Simulated damage contours and images showing failure of composite: (a) three-dimensional orthogonal woven E-glass/epoxy composites with drilled hole (3DOWC-DH); (b) two-dimensional woven composites with drilled hole (2DWC-DH).

In the stretch process, the 3DOWC-DH suffered fiber breakage and matrix cracking under tensile loads. Due to the binding effect of 3D yarn, the non-crimped fiber and integrated structure allow all reinforcement fibers to take the load together and maximum stress is reached when the composite failure occurred. Due to the binding effect of z-yarns, the non-crimped fibers are bind the three-dimensional orthogonal woven fabric into a stable structure, which combines all reinforcement fibers to an integrity take the whole load together. In addition, 2DWC-DH possessed the worst fiber damage and matrix cracking under tensile load and presented most severe tensile damage as well as the lowest tensile strength. During tensile testing, the 2DWC-DH sample will create the delamination-damaged mode at first and then fibers broke at the maximum load occurred gradually.

Conclusion

The 3DOWC-DH and 2DWC-DH with drilled holes were fabricated, and experimental and numerical studies investigated their axial mechanical properties. According to the results, the 3DOWC-DH showed higher tensile strengths than the 2DWC-DH. The SEM photos showed that various damage modes such as fiber fracture, matrix cracking, and tow debonding exist in all composites.

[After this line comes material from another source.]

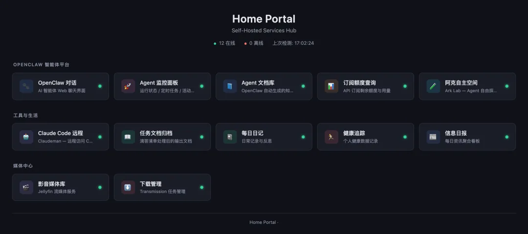 Home Portal 是入口。深色仪表板,卡片网格,每 30 秒探测一次各服务状态。绿色在线,红色异常,点卡片直接跳转。

The developed microstructure FE method showed a reasonably good correlation with the experimental results in terms of global stress–strain curves. The FE model showed the capability to predict the internal damage evolution process of fiber tows and interfaces. The main failure modes of the composite subjected to axial loads were fiber breakage at the edge of circular hole.

In the process of delamination, resin breakage occurs first, followed by fiber breakage or delamination. Delamination did not occur due to the binding effect of the 3D yarn. However, the delamination phenomenon was commonly observed in 2DWC but not 3DOWC because of the binding fiber in the z-direction. In addition, 2DWC-DH possessed the worst fiber damage and matrix cracking under tensile load and presented the most severe tensile damage as well as the lowest tensile strength.